20年近くの経験を活かし、ビザ・グリーンカード申請に関する情報を事例をもとにQ&A形式でお答えします。

2018年 8月 23日更新

第38回 : ビザ申請却下=移民法廷に出頭?

Q

テレビのニュース番組で、ビザ申請が米国移民局に却下された場合、申請者は、移民法廷に出廷しなければならないと報道されていました。これは本当でしょうか?

A

米国移民局(通称USCIS:United States Citizenship and Immigration Services)は、2018年6月28日に、トランプ政権による不法滞在者対策の一環として「PM-602-0050.1」と称されるポリシー・メモを発表しました。ポリシー・メモとは、USCISが移民法や当該連邦規則集(8 CFR)の解釈や局の審査方針などを紹介する役目を持つと同時に、移民法の「ルール」の一角を担う大事な役割を果たすものです。

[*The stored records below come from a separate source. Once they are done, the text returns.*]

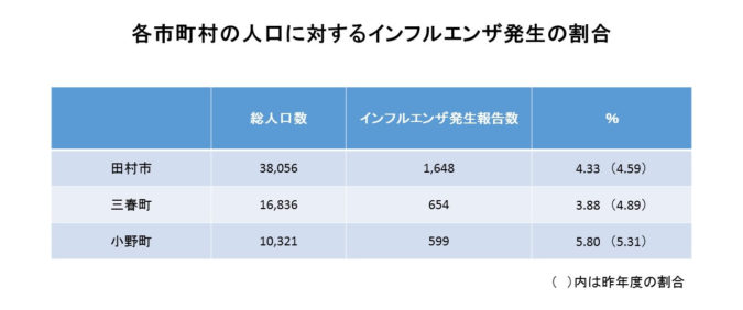 2.三春町は小野町に比べてA型、B型とも発生報告の割合が低かった。
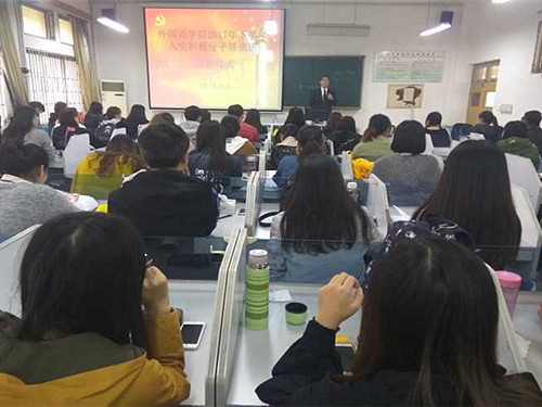 11月2日下午,我院于8号教学楼116教室开展2017年第二期首次党课培训,文学与新闻传播学院党总支书记韩德信担任主讲,学院56名积极入党分子积极参加。
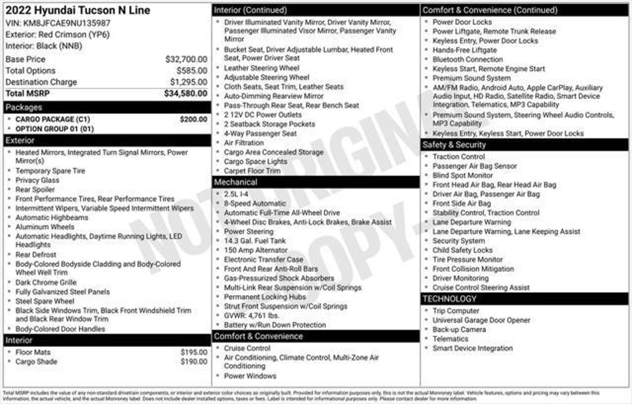 Discover the perfect blend of style, performance, and capability with the 2022 Hyundai Tucson N Line. This exceptional SUV is ready to elevate your driving experience and turn heads wherever you go. "¢ **VISION HYUNDAI OF CANANDAIGUA** "¢ Cargo Package "¢ Cargo Cover "¢ Carpeted Floor Mats Boasting a powerful 2.5L I4 DGI DOHC 16V engine, the Tucson N Line delivers an exhilarating 187 horsepower, mated to an 8-Speed Automatic with SHIFTRONIC transmission and AWD. With an impressive 24 city / 29 highway MPG, this SUV offers the perfect balance of power and efficiency. The striking red exterior, complemented by the N Line design elements, exudes a bold and sporty aesthetic that is sure to turn heads. Step inside and you'll be greeted by a premium Bose audio system, heated front seats, and a host of advanced technology features, including Apple CarPlay and Android Auto, ensuring a seamless and connected driving experience. Hyundai's commitment to safety is evident in the Tucson N Line, with features like Dual Front Impact Airbags, Dual Front Side Impact Airbags, and Electronic Stability Control, providing you and your loved ones with the utmost protection. As a Hyundai Certified Used Vehicle, this Tucson N Line has undergone a rigorous 173 point inspection, ensuring it meets the highest standards of quality and performance. With a Limited Warranty of 60 Months/60,000 Miles and a Powertrain Limited Warranty of 120 Months/100,000 Miles, you can drive with confidence, knowing your investment is protected. Don't miss the opportunity to experience the exceptional 2022 Hyundai Tucson N Line. Visit our showroom today and let our knowledgeable team guide you through all the features and benefits this stunning SUV has to offer. Do not forget with EVERY VEHICLE purchased at any of the 10 Vision locations you will receive -LIFETIME FREE INSPECTIONS YOU AND THE FAMILY -DISCOUNT COUPONS FOR SERVICE AND ACCESSORIES GOOD UP TO $250 THE FOLLOWING NO CHARGE ITEMS HAVE ALREADY BEEN ADDED TO THIS VEHICLE FOR THE PROTECTION OF THE DEALERSHIP AGAINST ENVIRONMENTAL DAMAGES AND THEFT. THESE PRODUCTS ARE AVAILABLE TO HAVE A WARRANTY ADDED UP TO 6 YEARS FROM PURCHASE) -LOJACK SYSTEM INSTALLED (NOT ACTIVE UNTIL PLAN PURCHASED) -RUSTPROOFING -INTERIOR PROTECTION PACKAGE APPLIED -PAINT PROTECTION- PROTECTING THE POUROUS SURFACE OF YOUR VEHICLE FROM ENVIRONMENTAL DAMAGES STOP INTO ANY OF OUR LOCATIONS TODAY WE LOOK FORWARD TO SERVING YOU, YOUR FAMILY, AND THE COMMUNITY!
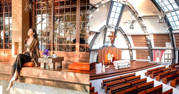 教堂由四個弧形牆版結構體組成,以屋頂上方玻璃十字架連結,在藍天的襯托之下,不同角度有著不同的美,
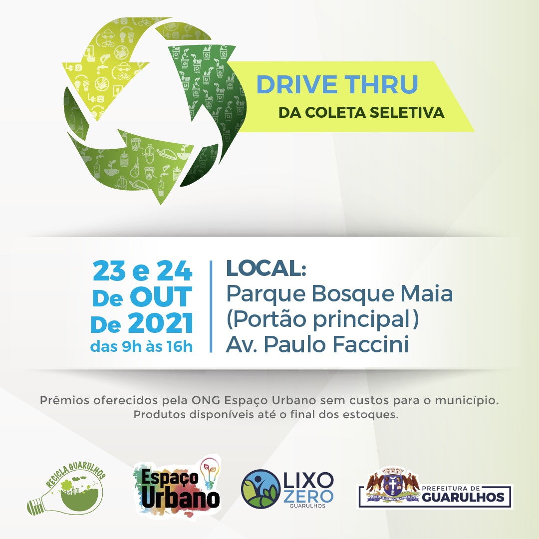 O drive-thru da coleta seletiva faz parte da programação Semana Lixo Zero 2021 realizada pela Secretaria de Serviços Públicos. Confira programação em http://lixozero.guarulhos.sp.gov.br/conteudo/semana-lixo-zero-2021.
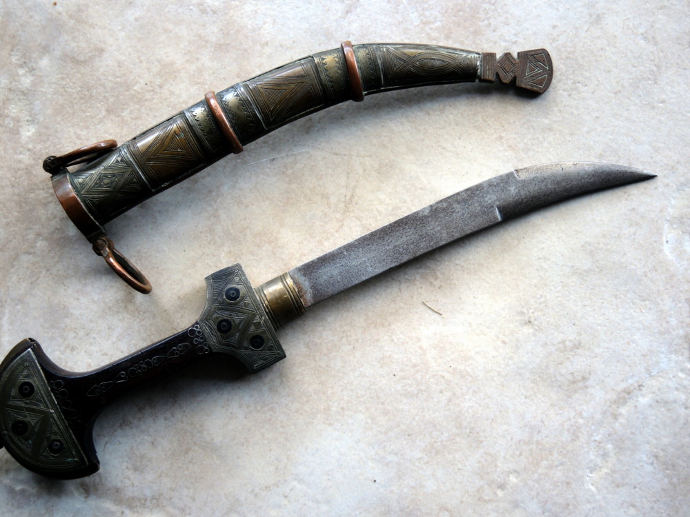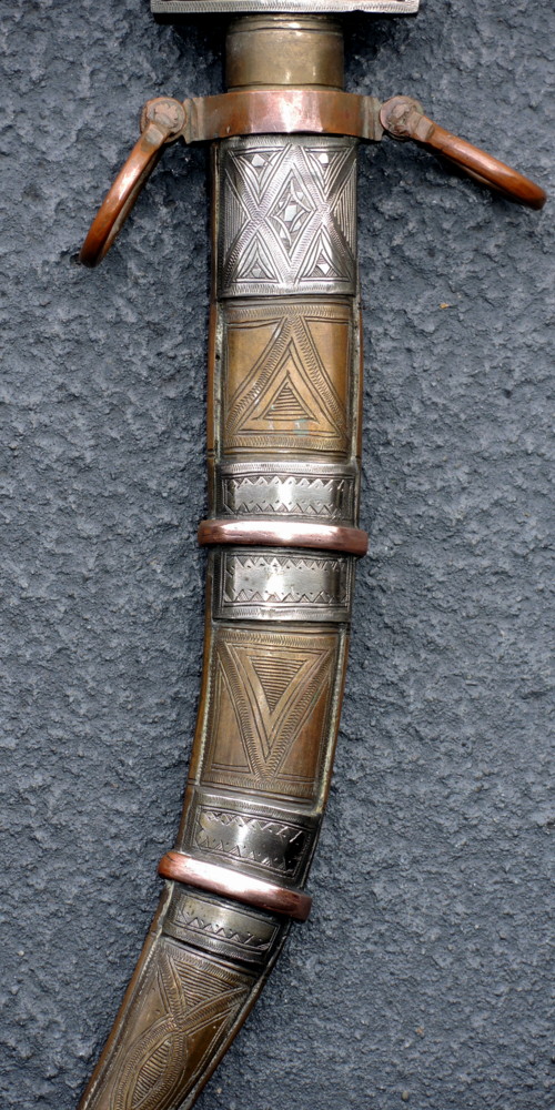 The fittings and scabbard are a mixture of Silver, Copper and Brass with nice quality decoration overall. The handle which I think is probably teak, is nicely inlaid with silver wire, and has two very nicely worked silver plates on the face. The quality forged blade, although typical of the Koummya style, is not sharpened as far up as usual. The scabbard tip also is not turned up as much is as usual with Koummya. Again I feel that there is Tuareg influence at play here judging by the decoration of the scabbard. Opinion and comments please. Stu |

このメモの発行により、アメリカ国内でビザ・ステータス申請や永住権申請を行う方は、今まで以上に大きなリスクを負って申請書類を提出することになります。今後は、これらの申請が却下という結果に終わったことによって、申請者が“一瞬”でも不法滞在者とみなされる場合は、国外退去対象となり、移民裁判所への出頭命令(通称NTA:Notice to Appear)が必ず発行されることになります。ただし、例外として、USCISの書類審査官(通称ISO:Immigration Services Officer)が、出頭命令の発行に異議の申し立てをする場合が挙げられています。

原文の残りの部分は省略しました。